3) Visual assessment of the focality (focal or diffuse and single or mltiple) and location of each lesion.
Malignant bone lesion seen at PET-CT is characterized with activity that is much greater than that of the liver, (SUV>2.5), focal (not diffuse), away from sites of physiological uptake or showing higher uptake than underlying physiological structure as well as morphological disruptions seen at CT of same bone lesion (lytic, sclerotic or mixed lesions harboring soft tissue component, endosteal scalloping, cortical breakthrough, periosteal reaction, expansile appearance, or associated pathologic fracture ) .

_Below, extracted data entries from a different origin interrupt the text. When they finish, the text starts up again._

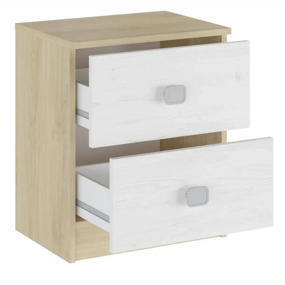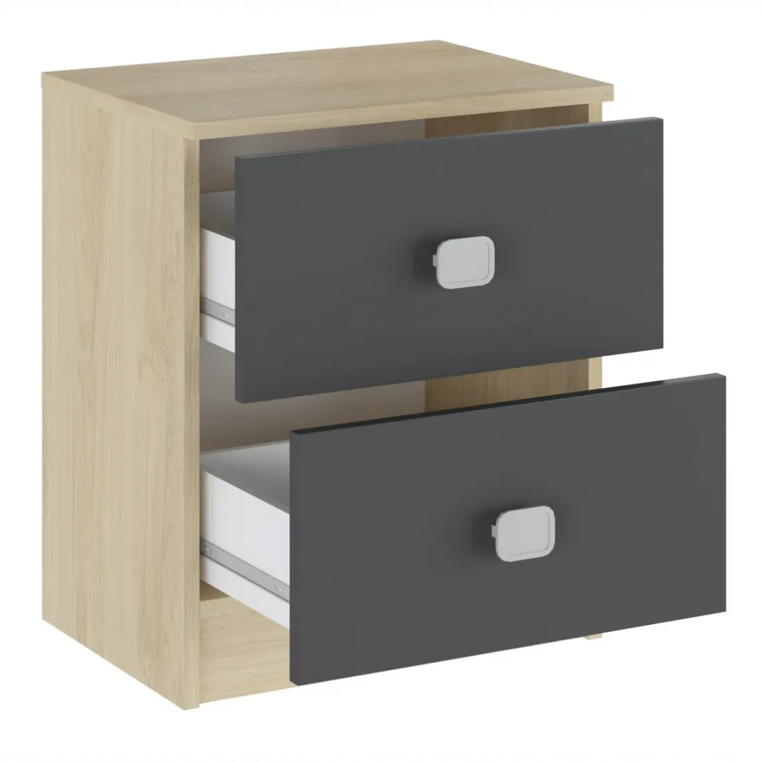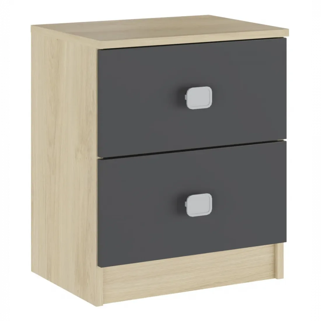 Mesita de noche con 2 cajones en acabado blanco con frentes en grafito, es un modelo que encajará perfectamente con el resto de decoración.
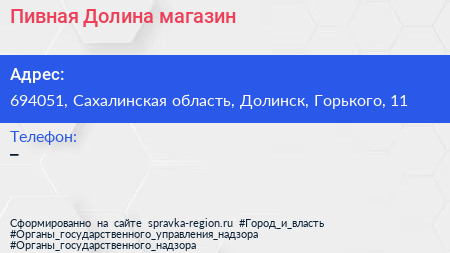 Пивная Долина, магазин по адресу 694051, Сахалинская область, Долинск, Горького, 11 в дальнейшем Организация, размещена в следующих категориях:
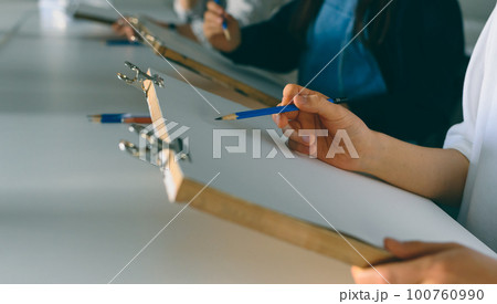 目玉クリップでB3パネルに画用紙を止めてデッサンをする女子
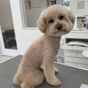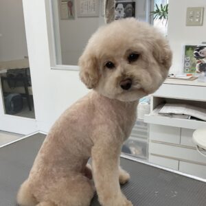 毎月カットコースをご利用のトイプードルのここちゃんは、体3㎜のアフロ四肢細くのご注文です
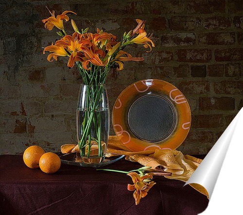 Описание плаката Классический натюрморт с оранжевыми лилиями и апельсинами выдержан в одной гамме .Такой постер может украсить любое помещение в вашем доме или квартире,а так же в отеле, ресторане, кафе.
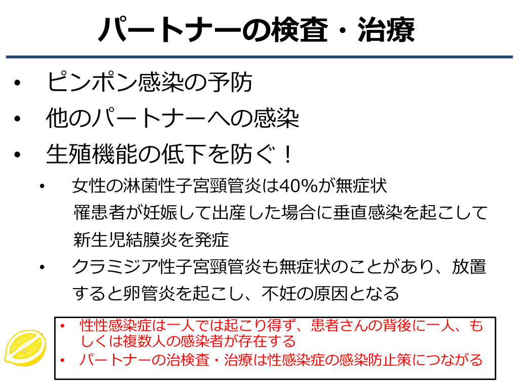 #23. パートナーの検査・治療 • ピンポン感染の予防 • 他のパートナーへの感染 • 生殖機能の低下を防ぐ! • 女性の淋菌性子宮頸管炎は40%が無症状 罹患者が妊娠して出産した場合に垂直感染を起こして 新生児結膜炎を発症 • クラミジア性子宮頸管炎も無症状のことがあり、放置 すると卵管炎を起こし、不妊の原因となる • 性性感染症は一人では起こり得ず、患者さんの背後に一人、も しくは複数人の感染者が存在する • パートナーの治検査・治療は性感染症の感染防止策につながる
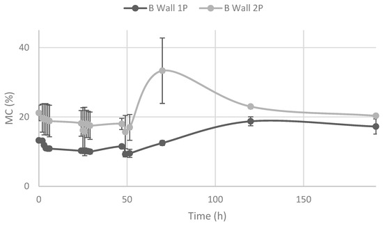 Compared to the results of the ambient drying presented (Figure 7), the measured MC falls below or at about the target 20% MC level after 72 h and thus the coring was stopped at this point. Due to the ease of rapid assessment, probing with a moisture meter was continued for 120 h. The ambient drying results showed that the moisture content values were still above 80% 48 h after the process began, while fan drying resulted in quicker removal of moisture from the structure.

So lesion with activity that is less than that of the liver, SUV<2.5 and diffuse with benign CT features can confidently be diagnosed as benign bone lesion.
An understanding of the principles of PET/CT and recognition of its limitations are important for the optimal use of this imaging modality.
In general, malignant lesions show 18F-FDG activity equal to or greater than liver activity, although benign entities like inflammatory lesions and hypermetabolic lesions may also show increased 18F-FDG uptake giving false positive FDG uptake results so visualization of the bone metastasis is difficult with stand alone PET.
False negative PET findings can result if bone lesions are either sclerotic nature or non FDG avid. High neighboring background activity can also obscure FDG uptake.
Lesions presenting on PET/CT as sites of increased uptake with normal CT findings (showing neither benign nor malignant changes) or presented by malignant CT findings with negative co-registered FDG PET images, can be categorized on PET/CT interpretation as inconclusive.
The PET and CT interpretations can be discordant. This poses a relatively frequent diagnostic dilemma when interpreting these examinations and proved to be a large impetus for deeper analysis (e.g. MRI and Biopsy).